Fig. 5: Proposed workflow for deciding an optimal treatment course.
figure 5

The collaboration between oncologists , pathologists (2a, evaluations of both PD-L1 expression and intratumoral immune cell infiltration) and geneticists [2b, assessment of tumour mutational burden (TMB)] would lead to the establishment of a score that would guide the course of treatment (3a). Patients with a favourable/high score would be treated with immune checkpoint inhibitors, while patients considered as having a low probability of an efficient/durable response would undergo an alternative treatment (e.g. radiotherapy, chemotherapy) alone or prior to immunotherapy (after re-evaluation).

Instead of looking at the different aforementioned biomarkers separately, they could be considered as individual chain links that constitute one and the same chain of events. As appropriately explained by Linette and Carreno,130 these events could be simplified the following way: a high mutational burden gives rise to neoantigens, which will, in turn, be detected by our immune system. Neoantigen-specific lymphocytes are designed to control tumour growth and their actions are reinforced by checkpoint inhibitor treatments. Moreover, the accumulation of TILs contributes, by producing IFN-γ, to the upregulation of PD-L1 on both cancer and tumour-infiltrating immune cells (e.g. antigen-presenting cells).

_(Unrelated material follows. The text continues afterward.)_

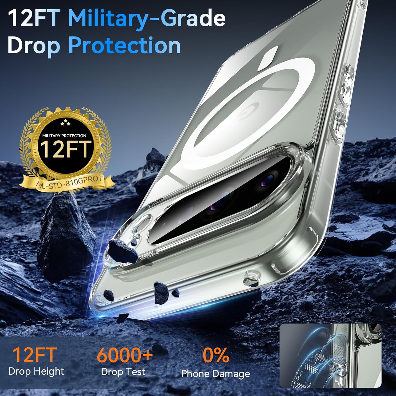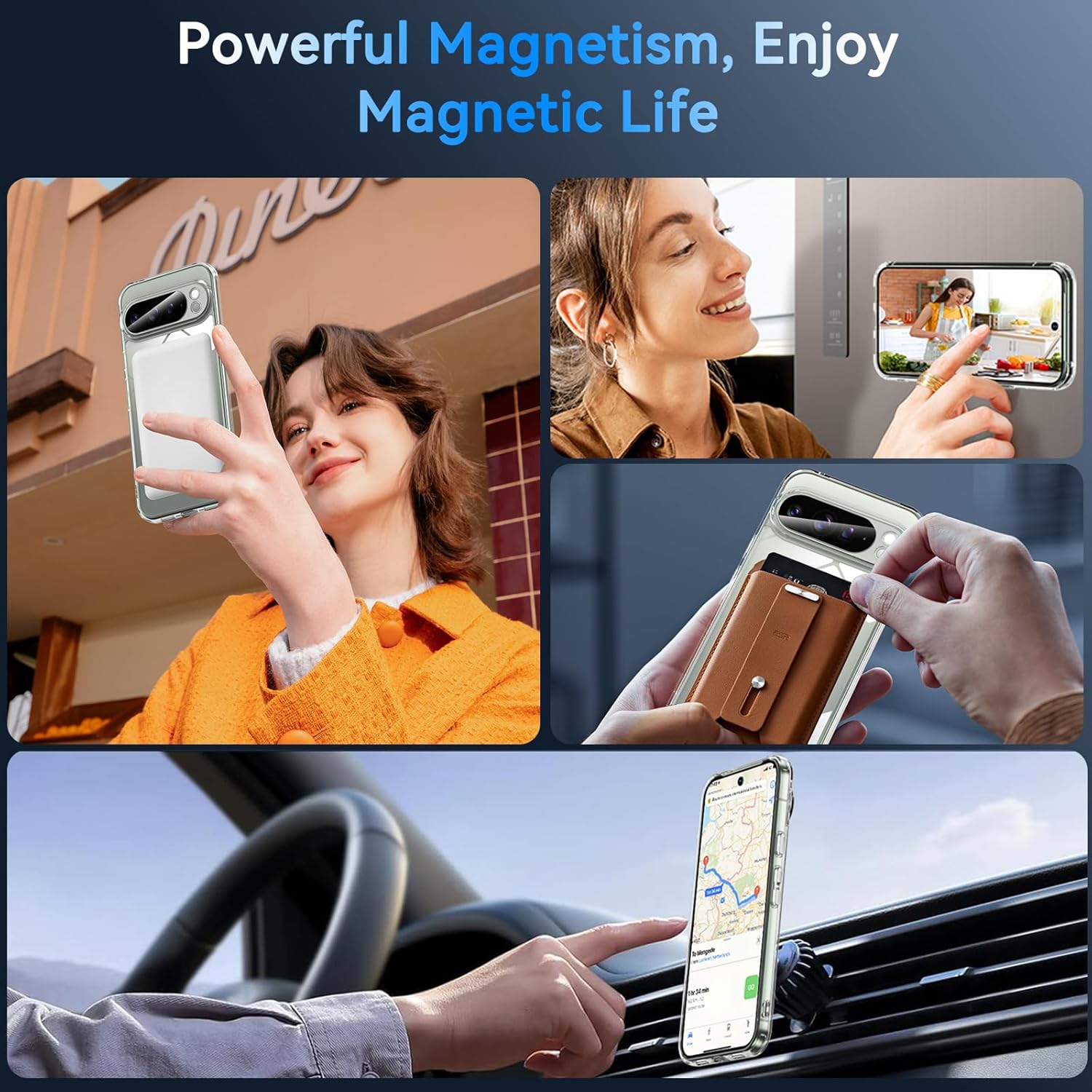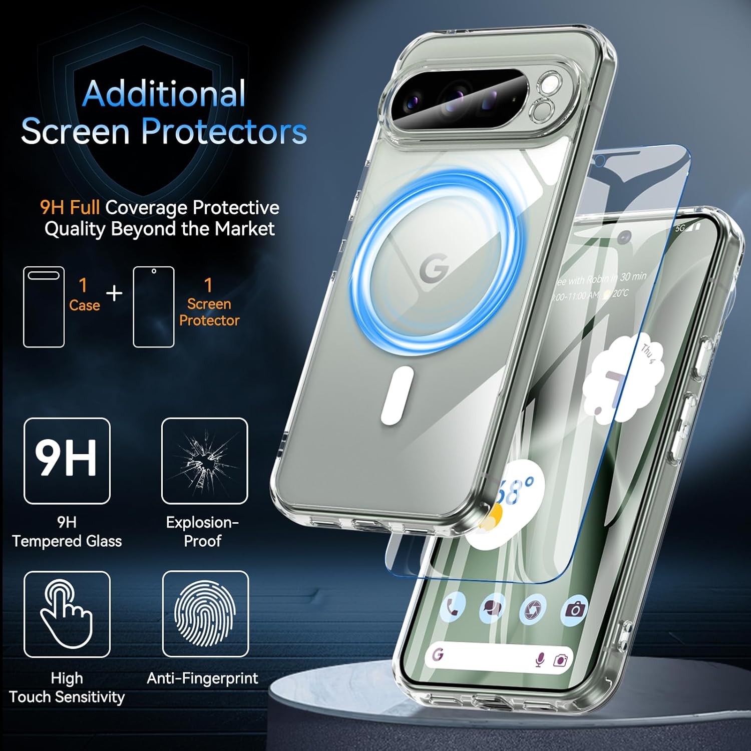 Магнитен калъф за Google Pixel 10 Pro XL със закалено стъкло, калъф за Pixel 10 Pro XL, военен защитен калъф за мобилен телефон, матов, прозрачен, здрав, твърд PC защитен калъф (прозрачен)

Given the parallel ‘oncogene-dependent’ regulation of PD-L1, the effect of this effector cytokine is supposed to be more important on immune cells encountered within the TME than on malignant cells.

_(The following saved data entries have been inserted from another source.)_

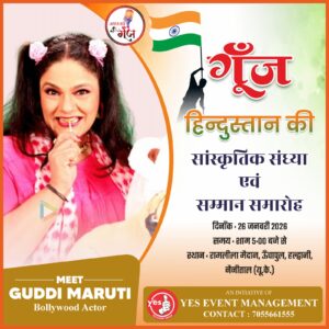कार्यक्रम में देशभक्ति गीतों, सांस्कृतिक प्रस्तुतियों, वीर जवानों व समाज के प्रेरणास्रोत व्यक्तित्वों के सम्मान के साथ-साथ भारत की गौरवशाली संस्कृति और संविधान की भावना को जीवंत किया जाएगा। इस कार्यक्रम को और भी भव्य बनाने के लिए बॉलीवूड कलाकार गुड्डी मारुति और हेमंत बीर्जे के साथ टी-सिरिस के सिंगर मनोज वर्मा भी आपके बीच मौजूद होंगे, यह आयोजन केवल एक कार्यक्रम नहीं, बल्कि हर भारतीय के दिल में देश के लिए गर्व की गूंज जगाने का प्रयास है।
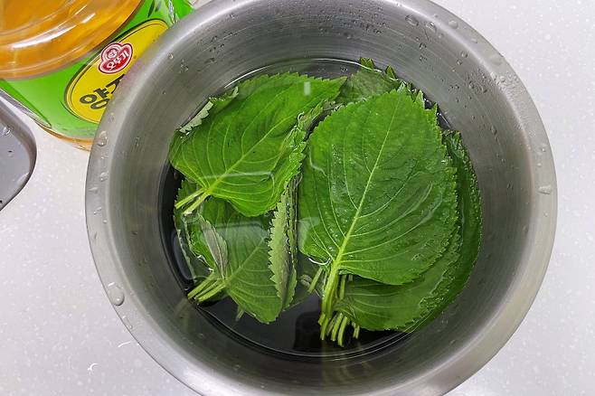 먼저 식초 약간 푼 물에 깻잎을 5분 정도 담가 잔류농약을 제거해 줍니다.
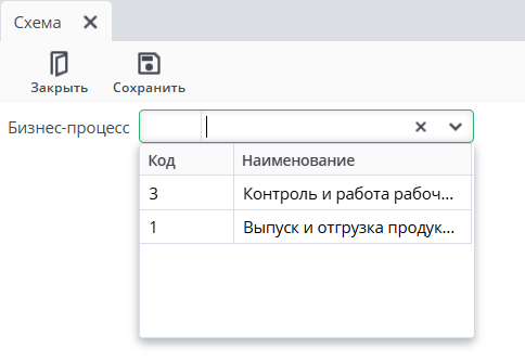 Для того, что бы открыть схему, нужно в лукапе "Бизнес-процесс" выбрать тот, по которому мы хотим отобразить схему.

It is, however, important to take into account that all these biomarkers are time- and space-dependent and, therefore, highly labile. The more downstream we attempt to detect a specific biomarker, the more we risk missing important information. This is why measuring several elements of this chain before treatment would enable a more representative picture of the tumour and its microenvironment to be created, allowing its potential ability to respond to immunotherapy to be determined. In this respect, considering that chemotherapy or radiotherapy is increasingly used prior to immune checkpoint inhibitors, the biomarkers should probably be assessed both before and after pretreatment, as the latter is likely to reshape the tumour and will therefore have an impact—hopefully positive—on factors such as the extent of intratumoral T-cell infiltration and PD-L1 expression.

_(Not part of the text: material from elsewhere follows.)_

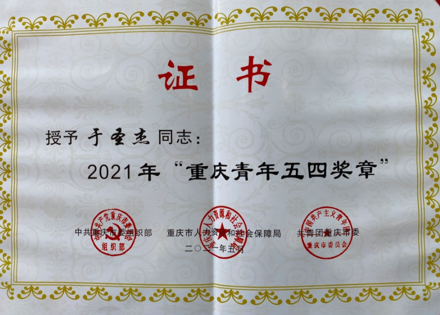 2021年4月29日,由中共重庆市委组织部、重庆市人力资源和社会保障局、共青团重庆市委员会联合授予10名同志2021年“重庆青年五四奖章”。前...
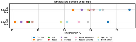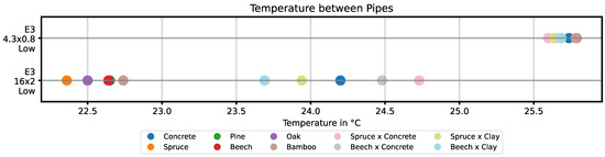 The temperature for the capillary tubes in concrete was 25.74 °C. Spruce and bamboo were almost on a par, with values of 25.79 °C and 25.78 °C, respectively—the highest values measured in this scenario. The hybrid spruce–concrete model achieved a value of 25.60 °C, the lowest measured. The corresponding distributions are shown in Figure 8 and Figure 10.

Alongside the determination of ‘classical’ immune checkpoints (PD-1, PD-L1 and CTLA-4), the assessment of other proteins will soon become indispensable in light of the next, arising generation of immunotherapy agents.3 Hence, the establishment of a panel of different antibodies that can be used for the systematic determination of several proteins would be greatly appreciated. Moreover, as mentioned above, the expression of other immunosuppressive proteins such as IDO and the immune checkpoints TIM-3 and VISTA constitutes a compensatory mechanism that can undermine the efficacy of immune checkpoint inhibitors.124,125,126 Therefore, the expression of these emerging proteins could also provide useful predictive information even before the clinical approval of their inhibitors as treatment.